The compiler allocates only enough space for the largest of the members, which overlay each other within this space. In your case, memory is allocated for int
data type (assuming 4-bytes). The line
union a z = {512};
will initialize the first member of union z
, i.e. x
becomes 512
. In binary it is represented as 0000 0000 0000 0000 0000 0010 0000 0000
on a 32 machine.
Memory representation for this would depend on the machine architecture. On a 32-bit machine it either will be like (store the least significant byte in the smallest address-- Little Endian)
Address Value
0x1000 0000 0000
0x1001 0000 0010
0x1002 0000 0000
0x1003 0000 0000
or like (store the most significant byte in the smallest address -- Big Endian)
Address Value
0x1000 0000 0000
0x1001 0000 0000
0x1002 0000 0010
0x1003 0000 0000
z.y[0]
will access the content at addrees 0x1000
and z.y[1]
will access the content at address 0x1001
and those content will depend on the above representation.

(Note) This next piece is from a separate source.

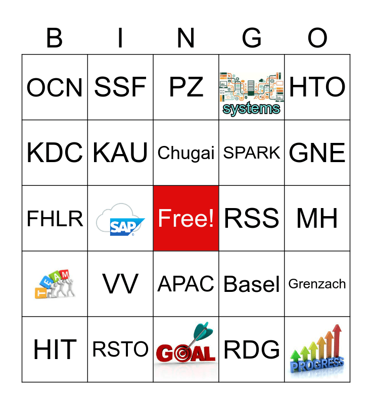 This bingo card has 5 images, a free space and 20 words: VV, RSTO, Chugai, HIT, HTO, OCN, KDC, SSF, RSS, APAC, SPARK, FHLR, Basel, Grenzach, KAU, RDG, MH, PZ, GNE and systems.

It seems that your machine supports Little Endian representation and therefore z.y[0] = 0
and z.y[1] = 2
and output would be 0 2
.
But, you should note that footnote 95 of section 6.5.2.3 states that
If the member used to read the contents of a union object is not the same as the member last used to store a value in the object, the appropriate part of the object representation of the value is reinterpreted as an object representation in the new type as described in 6.2.6 (a process sometimes called ‘‘type punning’’). This might be a trap representation.
Upvotes: 8
Reputation: 354
The size of the union is derived by the maximum size to hold a single element of it. So, here it is the size of int.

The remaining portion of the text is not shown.